Just to elaborate on what other people have said, numpy is an especially bad module to use import * with.
pylab is meant for interactive use, and it's fine there. No one wants to type pylab.zeros over and over in a shell when they could just type zeros. However, as soon as you start writing code, everything changes. You're typing it once and it's staying around potentially forever, and other people (e.g. yourself a year down the road) are probably going to be trying to figure out what the heck you were doing.
In addition to what @unutbu already said about overriding python's builtin sum, float int, etc, and to what everyone has said about not knowing where a function came from, numpy and pylab are very large namespaces.
numpy has 566 functions, variables, classes, etc within its namespace. That's a lot! pylab has 930! (And with pylab, these come from quite a few different modules.)
Sure, it's easy enough to guess where zeros or ones or array is from, but what about source or DataSource or lib.utils? (all of these will be in your local namespace if you do from numpy import *
If you have a even slightly larger project, there's a good chance you're going to have a local variable or a variable in another file that's named similar to something in a big module like numpy. Suddenly, you start to care a lot more about exactly what it is that you're calling!

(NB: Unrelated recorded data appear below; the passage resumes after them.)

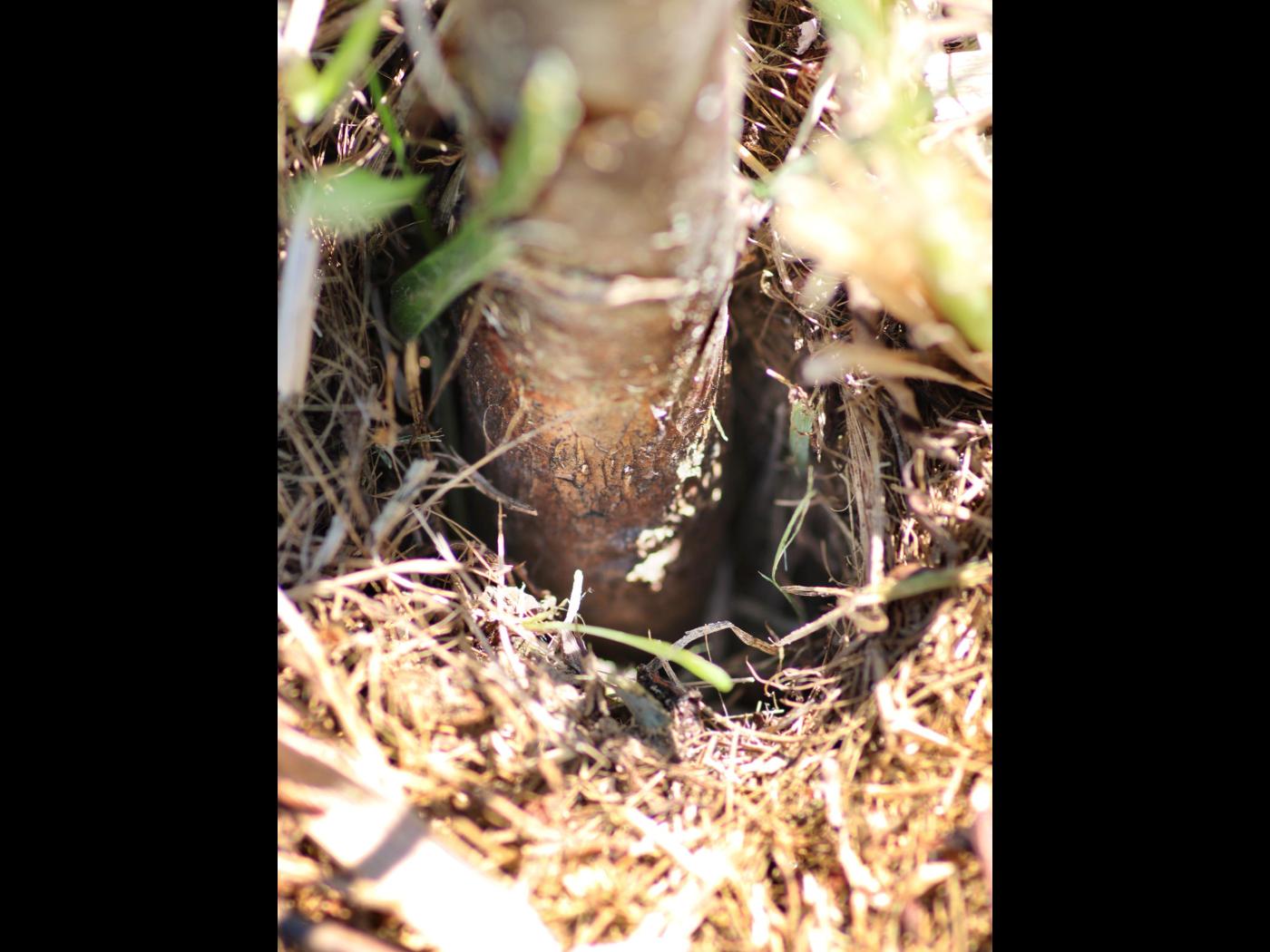 Tronc: L’arbuste dans son ensemble bouge à la base sous l’effet du vent ou lorsqu’on lui applique une légère pression. Le mouvement de l’arbre donne l’impression qu’il serait facile de l’arracher à la main. Le sol se tape en un cône inversé et évasé autour du tronc à cause de la mobilité de l’arbuste.
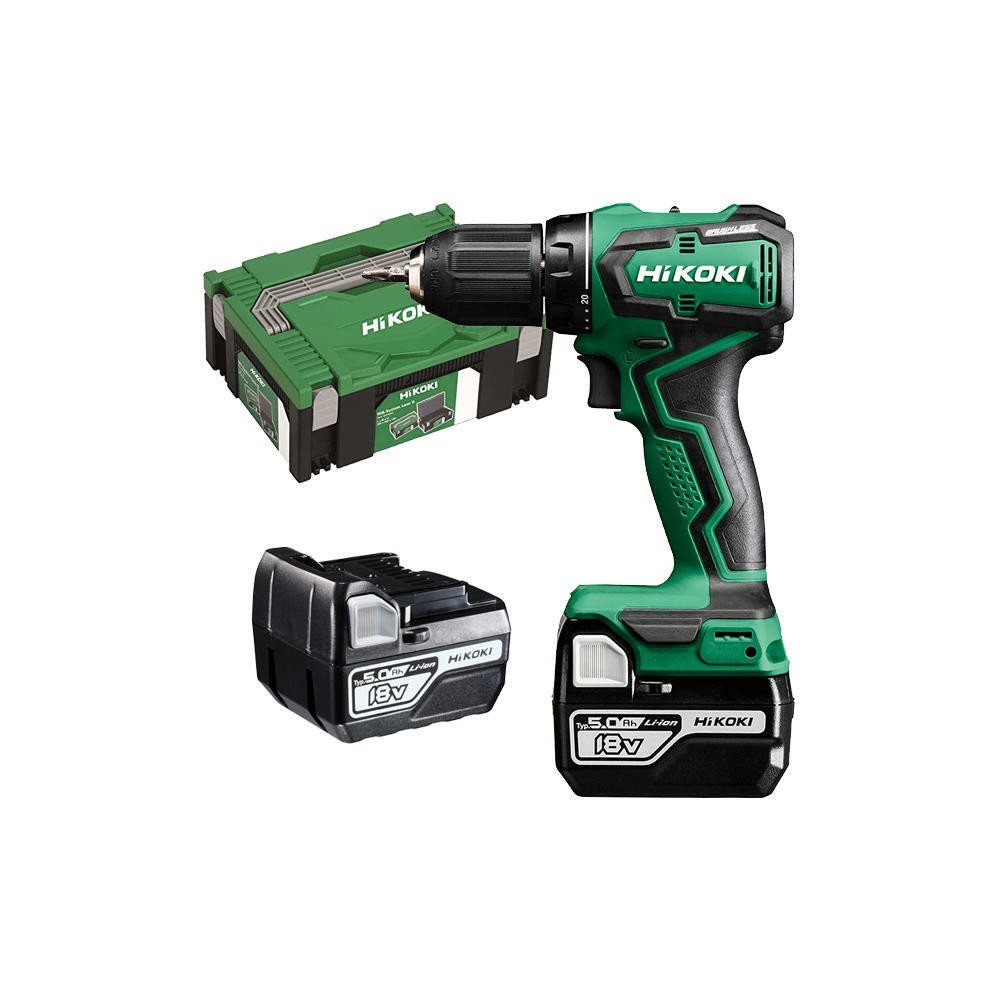 Vrtačka Hitachi / Hikoki DS18DDWPZ je oddávána v plastovém kufru spolu s dvěma bateriemi o kapacitě 5 Ah a nabíječkou.
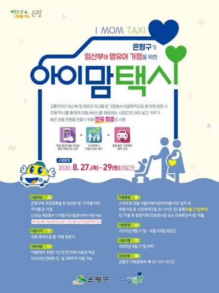 [무한뉴스] 은평구는 아이낳아 키우기 좋은 마을을 만들기 위해 ‘아이맘택시’ 사업을 올해 8월 27일부터 29일까지 3일간 시범운영을 실시하고 8월 31일 본격적으로 사업을 시행한다고 밝혔다.
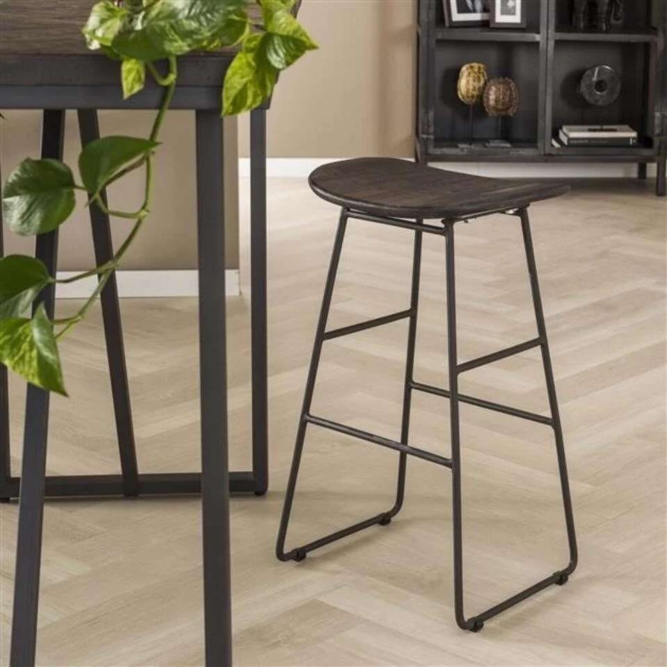 Het frame van de barkruk is gemaakt van zwart gepoedercoat metaal wat zorgt voor stevigheid en een industriële look.
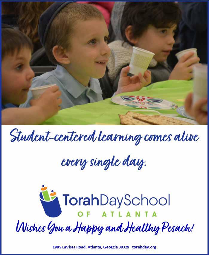 ATLANTA JEWISH TIMES MARCH 31, 2023 | 5 Bagels Breads Appetizers Salads Deli catering 1255 Johnson ferry road, suite 37, marietta, ga 30068 770-509-9505 BAGELICIOUS CONTRIBUTORS THIS ISSUE SIMONE WILKER SUSANNE KATZ KARLICK ADVERTISING Senior Account Manager & Team Supervisor MICHAL BONELL michal@atljewishtimes.com Account Manager ILYSSA KLEIN ilyssa@atljewishtimes.com Account Manager ELIZABETH LANGFELDER elizabeth@atljewishtimes.com CREATIVE & DESIGN Creative Director LILLI JENNISON lilli@atljewishtimes.com COMMUNITY ENGAGEMENT Events and Public Relations Coordinator KATIE GAFFIN katie@atljewishtimes.com Atlanta Jewish Connector Coordinator DIANA COLE Diana@atljewishtimes.com GENERAL OFFICE Administrative Assistant REBECCA LABANCA info@atljewishtimes.com 404-883-2130 The Atlanta Jewish Times is printed in Georgia and is an equal opportunity employer. The opinions expressed in the Atlanta Jewish Times do not necessarily reflect those of the newspaper. Periodicals postage paid at Atlanta, Ga. POSTMASTER send address changes to Atlanta Jewish Times 270 Carpenter Drive Suite 320, Atlanta Ga 30328. Established 1925 as The Southern Israelite www.atlantajewishtimes.com ATLANTA JEWISH TIMES (ISSN# 0892-3345 IS PUBLISHED BY SOUTHERN ISRAELITE, LLC © 2023 ATLANTA JEWISH TIMES Printed by Walton Press Inc. MEMBER Conexx: America Israel Business Connector Atlanta Press Association American Jewish Press Association National Newspaper Asspciation Sandy Springs/Perimeter Chamber of Commerce Please send all photos, stories and editorial content to: submissions@atljewishtimes.com CONTENTS NEWS .............................................. 6 SPORTS 28 ISRAEL ......................................... 32 BUSINESS .................................... 36 OPINION 38 PASSOVER .................................. 44 ARTS & CULTURE ....................... 86 CHAI STYLE 95 CALENDAR .................................. 98 KEEPING IT KOSHER ............... 102 BRAIN FOOD 103 OBITUARIES 104 CLOSING THOUGHTS ............. 108 MARKETPLACE ........................ 110

As another example, how would you distinguish between pylab's fft function and numpy's fft module?
Depending on whether you do
from numpy import *
from pylab import *
or:
from pylab import *
from numpy import *
fft is a completely different thing with completely different behavior! (i.e. trying to call fft in the second case will raise an error.)
All in all, you should always avoid from module import *, but it's an especially bad idea in the case of numpy, scipy, et. al. because they're such large namespaces.
Of course all that having been said, if you're just futzing around in a shell trying to quickly get a plot of some data before move on to actually doing something with it, then sure, use pylab. That's what it's there for. Just don't write something that way that anyone might try to read later on down the road!